CIO

Queensland Brain Institute backs fibre channel to support brain research

"We really needed to up the ante on our fibre channel infrastructure so we could cope." - Jake Carroll

In March last year, scientists at the Queensland Brain Institute (QBI) discovered a non-invasive ultrasound technology that can be used to treat Alzheimer’s disease. It is a drug-free approach that breaks apart the ‘neurotoxic amyloid plaques’ that result in memory loss and cognitive decline.

Scientists making these medical breakthroughs at the QBI – one of the largest neuroscience organisations in the world – rely heavily on tech infrastructure to access, store and manage large data sets from brain imaging and microscopy devices.

“We are constantly trying to keep ahead of the curve – upgrading infrastructure to make it faster to get to a point where we are in front rather than people complaining about the compute or storage platform being slow. We want zero friction,” Jake Carroll, senior information technology manager (research) at QBI told CIO Australia.

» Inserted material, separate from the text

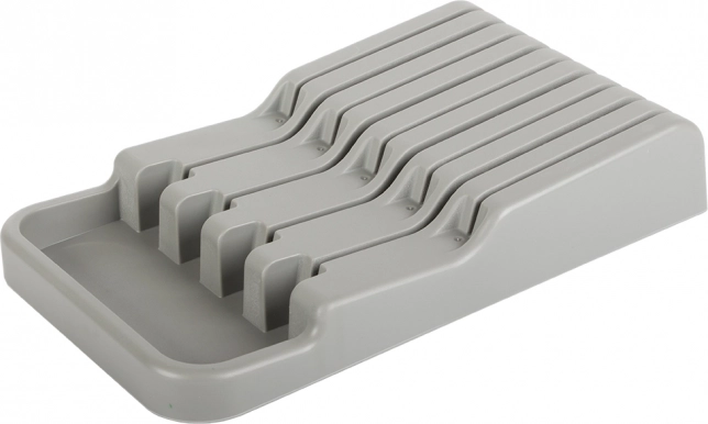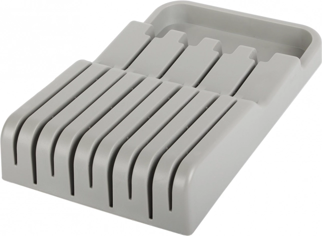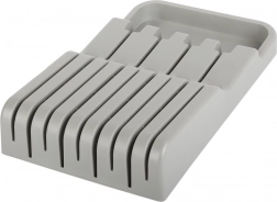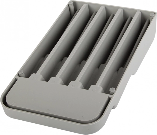 A késrendező kiváló választás minden modern és hagyományos konyhához. Tartós műanyagból készült elegáns szürke színben, amely hosszú élettartamot biztosít. A kompakt méreteknek köszönhetően könnyen elfér bármely szabványos konyhai fiókban, optimalizálva a helyet.

“But we find that with every increase in research capability that we put into the organisation, a new instrument or high throughput technology or a new modality in scientific analysis pops up and finds a way to confound every bit of bandwidth that we have provisioned.”

Scientific computing has ‘scary frontiers’ and every day Carroll said he’s amazed by the fact users can “break a 100Gb/s pipe or flatten every CPU that’s thrown at them.”

QBI has become the first Australian organisation to roll out Brocade G620 fibre channel switches to form a fully redundant storage network fabric with 32Gb/s links – replacing older models that provided only 8Gb/s data throughput. The new switches can be combined to a 128Gb/s frame-based trunk to deal with the organisation’s demanding data flows.

The new fibre channel fabric is part of an integrated storage solution alongside HDS high performance ‘all flash’ arrays and the Oracle Hierarchical Storage Manager to control data flow between storage layers.

The storage infrastructure will eliminate performance barriers and provide scientists with seamless access to the data they need to carry out research. It also provides appropriate governance and preservation layers – relating to reproducibility and immutability.

“In this particular case, I was replacing a large disk array which was the core of a high performance computing home directory structure, which is a store for a genomic data among other things,” said Carroll.

QBI has a whopping 8.5 petabytes (PB) of unstructured machine data that comes out of scientific research instruments and "hasn't been put into a database or platform where it is curated yet," says Carroll.

“This is just raw data, it doesn’t include administrative data or anything to that effect,” he said.

QBI has around 10PB of data stored on tape, a storage technology that Carroll said it not going away any time soon.

“We really needed to up the ante on our fibre channel infrastructure so we could cope, noting that the 'all flash array' market – geared to high performance and low latency – was really starting to come of age,” he said.

“This is the right move at the right time because it gives us a few years of runway now for extremely high I/O scenarios for both extremely low latency media and extremely fast tape serial I/O.”

Carroll added that there of a cohort in the industry ‘banging on with the mantra that fibre channel and tape is dead.”

“I’ve got frank and carefully placed news for the individuals who believe that. In scientific computing or parts of the market where availability, latency and quality of service matter, it’s just not true.”

“We really do care about our quality of service and our frames arriving when they should arrive and with the latency that we expect. But further, we still can’t see from a TCO perspective that tape is dead. We just can’t see it in our world.

“No matter what we see and the rhetoric we are hearing from the disk vendors of the world, tape still has a big place in research computing.”